Kong
Snake Magnet - CD+DVD
Brew/White Drugs/Graphite 2009

On pourrait facilement attaquer ce groupe de Manchester par la face image. Par le DVD se logeant dans le confortable et épais digipack. Une ode au cinéma d'auteur. A faire passer Monty Python pour du Alain Resnais avec une touche des Sous-doués en vacances. Ca vous habille son groupe. Difficile de ne pas prendre Kong pour des cons après ça. Et les cons pour des Kong. Trois potaches continuellement déguisés. La tronche grossièrement déformée avec un masque transparent et un maquillage à la truelle comme le gus sur la pochette promenant son bourrin dans une fête exotique dans un pays où on sait encore s'amuser. Allez savoir où ces dégénérés de rosbifs ont encore été traînés leur sale flegme en vacances ! Des travellings en patin à roulettes à couper le souffle. Un huit clos avec leur mère digne de Cassavetes. Des séances backstage très fengshui et des dialogues de mongoloïdes centristes. A ce niveau là, ce n'est plus de l'absurde et de la dérision, c'est de l'art sans filet, de la bravoure donnée à des cochons.

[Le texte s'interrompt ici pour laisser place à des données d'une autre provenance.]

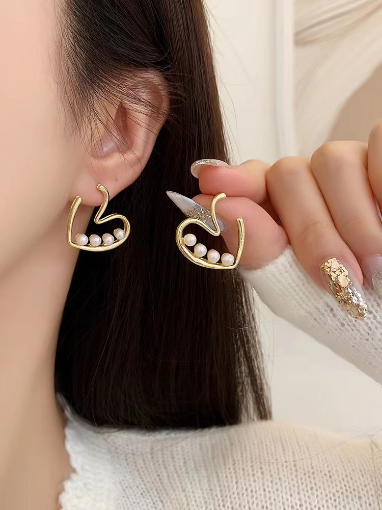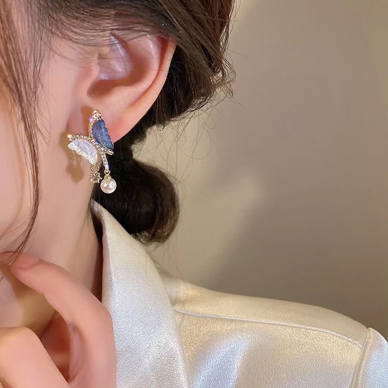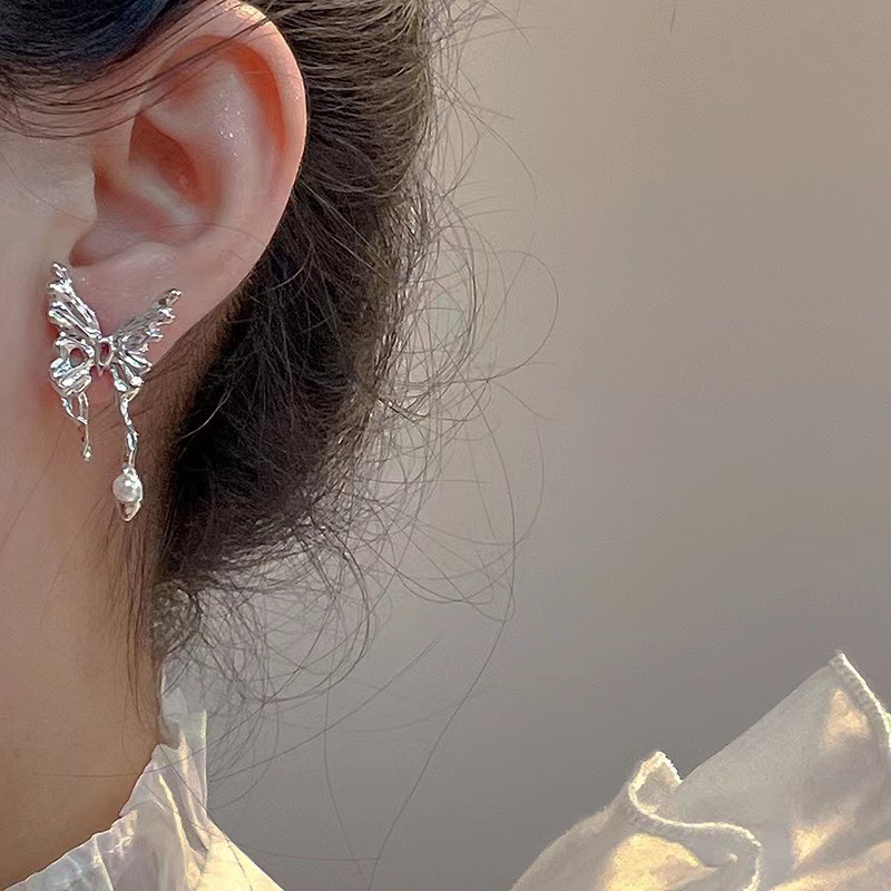 春季蝴蝶爱心耳环高级感女新款气质耳饰925银批发小清新耳钉简约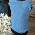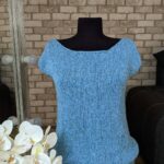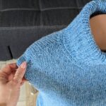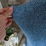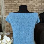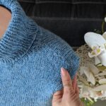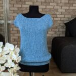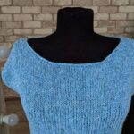 Через 40 см від початку в’язання всі петлі ділимо на дві рівні частини: перед та спинку – по 80 петель. Кожну частину продовжуємо в’язати окремо зворотніми рядками. Через 16 см від пройм починаємо формувати скоси плеча для обох деталей згідно схеми – малюнка, петлі залишаю відкритими.

Et pourtant, Kong n'est pas la moitié d'un. Face musique, c'est tout le contraire. Il y a bien cette voix présentant des déficiences mentales, suivant un cours fluctant de terminaisons nerveuses allant de l'incohérent à l'exalté, du mélodique intense au chœur à deux mais la musique, cette baffe ! Et comme on est aussi la moitié d'un et que l'autre est maso, on tend la seconde joue avec plaisir. Kong, un trio en rappelant un autre, Oxes. Aussi bien pour l'esprit ludique de grands enfants attardés que pour la baston rythmique qu'ils imposent. La batterie est à ce titre complètement affolante. Limpide, déterminée et ardente (comme Fanny). Et puis un autre trio, McLusky. Dans leur facilité à accrocher l'oreille avec des morceaux drus, un (gros) poil certes plus complexes et longs (cinq minutes de moyenne) mais dont l'évidence s'impose toujours. Des compos comme Leather penny, Blood of a dove, Wet Your Knives ou Sport, c'est de l'or en barre et c'est valable pour les dix titres. Sauf deux. Good Graphics, placé en plein milieu des ébats. Instrumental tarabiscoté à l'électronique qui aurait pu être pris pour une respiration mais qui fait essentiellement travailler l'index afin d'appuyer sur la touche zapping. Et Long, le dernier, dont les huit minutes et la durée ont judicieusement fourni le nom. C'est une nouvelle fois l'esprit retors de Kong qui se manifeste. Le même plan, la même note, bloqués pendant un long vol immobile, le degré de l'adrénaline grandissante n'étant pas suffisant pour rendre intéressante l'explosion finale, et tout compte fait, contenue. Tout le contraire de l'opinion, qui lui, ne sera pas contenu. Snake Magnet hypnotise par sa force et sa roublardise. Un très beau pavé dans la mare noise-rock.